With the tournament over, Mr. Nicholson has focused his energy on seeking justice for his alleged wrongful termination. On April 27, 2012, he filed a whistleblower lawsuit against KSFB. A whistleblower is someone who reports a company for a variety of reasons, including illegal activities, mismanagement of funds, corruption, and health or safety violations. This information may be divulged to someone else within the company, an outside person, or law enforcement. If the company retaliates against the whistleblower in any way, including termination, the whistleblower can file a lawsuit. Whistleblowers in Kentucky are protected by federal laws as well as the Kentucky Whistleblower Act. This state act protects employees who divulge information to the proper authorities. It does not allow employees to share confidential or incorrect information, and it gives employers the right to find out what information the employee has shared. Employees who share incorrect information can face disciplinary action.

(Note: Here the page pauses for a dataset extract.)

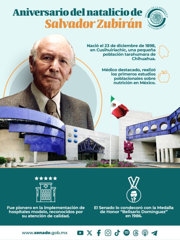 Senado de la RepublicaInfografías Un día como hoy nació Salvador Zubirán, médico mexicano que luchó contra la desnutrición en nuestro país, y fue un gran impulsor de la modernización de la medicina. Por Araceli Bastida - diciembre 23, 2024 0 FacebookTwitterPinterestLinkedinReddItEmailWhatsAppTelegramVK
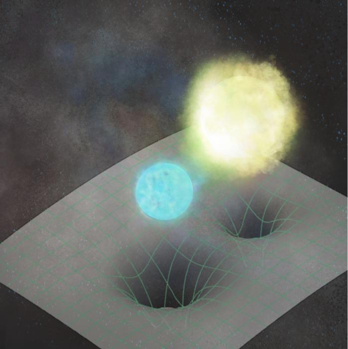 Impression of the 6.9 minute double white dwarf binary J1539+5027, composed of a tidally heated white dwarf (yellow) and its more compact companion (blue). It is about to start mass transferring.

According to the lawsuit, Mr. Nicholson believes he was retaliated against after telling an outside consultant about some of the issues the arena was having and attributing them to Mr. Workman. The consultant had been hired to review the operation of the arena and Nicholson states his answers to the firm's questions were "honest and sincere." He claims that numerous unqualified employees were hired because they were acquainted with the fair board president and events that were not profitable continued to be booked. When the negative report came back from the consultant, Nicholson claims he was reprimanded by Mr. Workman and ultimately terminated because of it in February. The board president has announced his plan to retire at the end of the year.